Terrapin Station wrote: ↑March 29th, 2020, 10:23 am
I'm using the standard philosophical distinction where "real" is the same as my "objective"--"real" refers to extramental phenomena. This is the sense in which anyone who is an "antirealist" on any x is using the term. Antirealists are denying that x occurs extramentally. They're not necessarily denying that x is a mental phenomenon.
TP, this entire "mental/extramental" dichotomy of yours is a postulate of a particular ontological theory, which, like most ontological theories, is nonsense. The only evidence you can possibly have for any "extramental" phenomena --- entities, events, properties, etc. --- is sensory phenomena, which are all "mental phenomena." ALL of those entities, events, properties are constructs of your brain, constructed from the raw material of sensory impressions.
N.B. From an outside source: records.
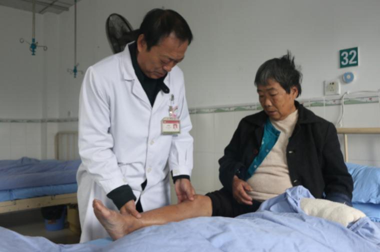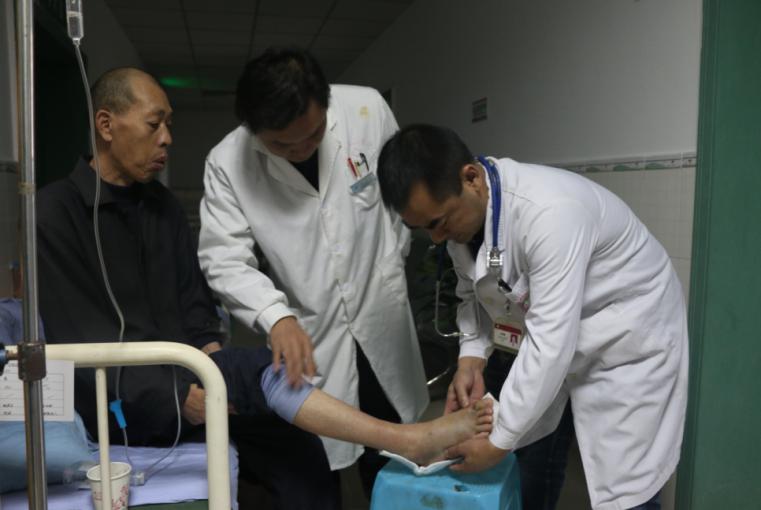 ?我院黨委委員、骨傷一科主任汪永泉(右一)正在查房
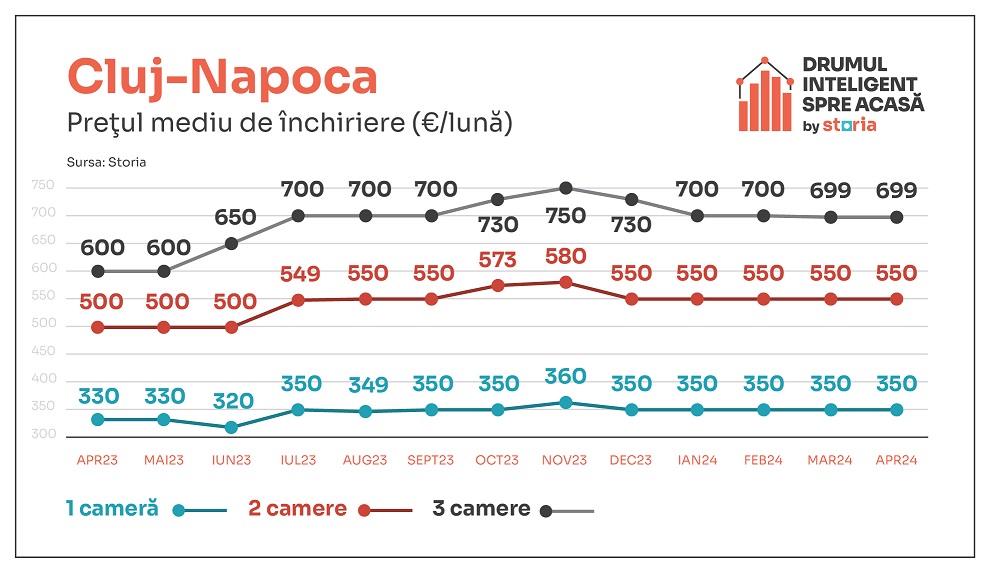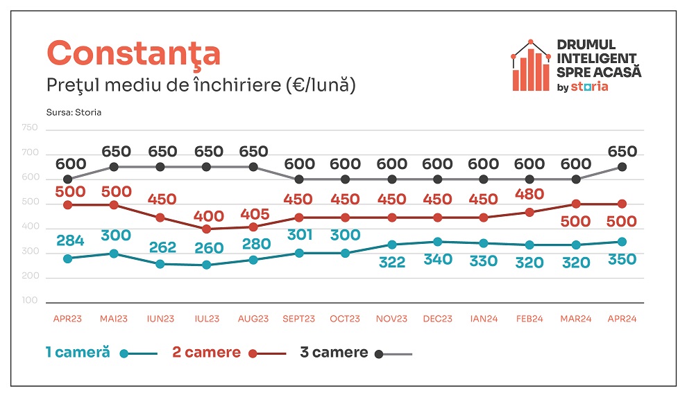 Astfel, în luna aprilie 2024 prețul mediu de închiriere al garsonierelor a fost de 320 de euro, în timp ce apartamentele cu două camere s-au închiriat, în medie, cu 430 de euro, iar apartamentele cu trei camere s-au închiriat cu un preț mediu de 500 euro.
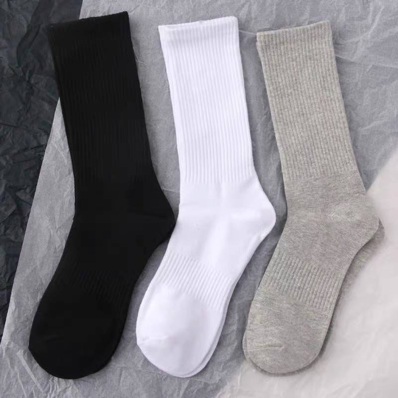 经典黑白灰纯色日系简约男女长筒袜子春秋款街头百搭学院风中筒袜
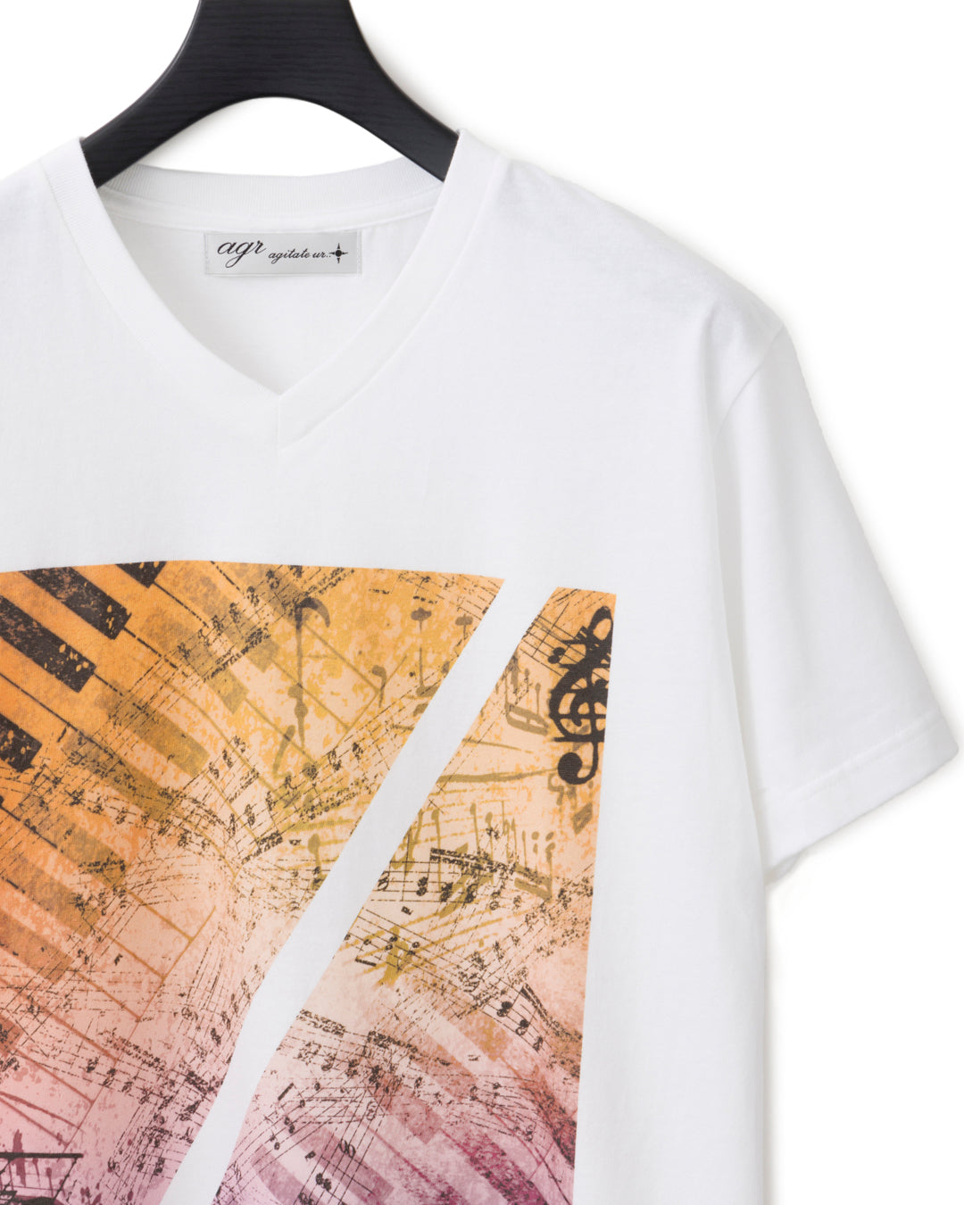 オリジナルグラフィックをインクジェットプリントで仕上げたVネックTシャツ。

Rocks, stars, trees, colors, odors, sounds, cats, butterflies, other humans are no more "real" (in the transcendental sense I think you mean) than ideas, love, joy, meanings, theories, laws, principles, electromagnetic and gravitational fields, photons, quarks, virtual particles, money, religions, minutes and seconds, and endless other hypothetical and abstract entities. Those are all entities --- including the rocks and trees --- invented or postulated by us to impose some order, some coherence, on the kaleidoscope of sensory experience. They are all "real" if they play some useful role in that endeavor.
"Real" things do, of course, fall into different classes, and propositions asserting the existence of something have different kinds of truth conditions, depending on the class to which the thing belongs. You can't confirm "Alfie loves Annabelle" by the same method you would confirm "It's raining outside," or "There is no largest prime," or "Slavery is morally wrong." But all of those propositions have public truth conditions of some sort.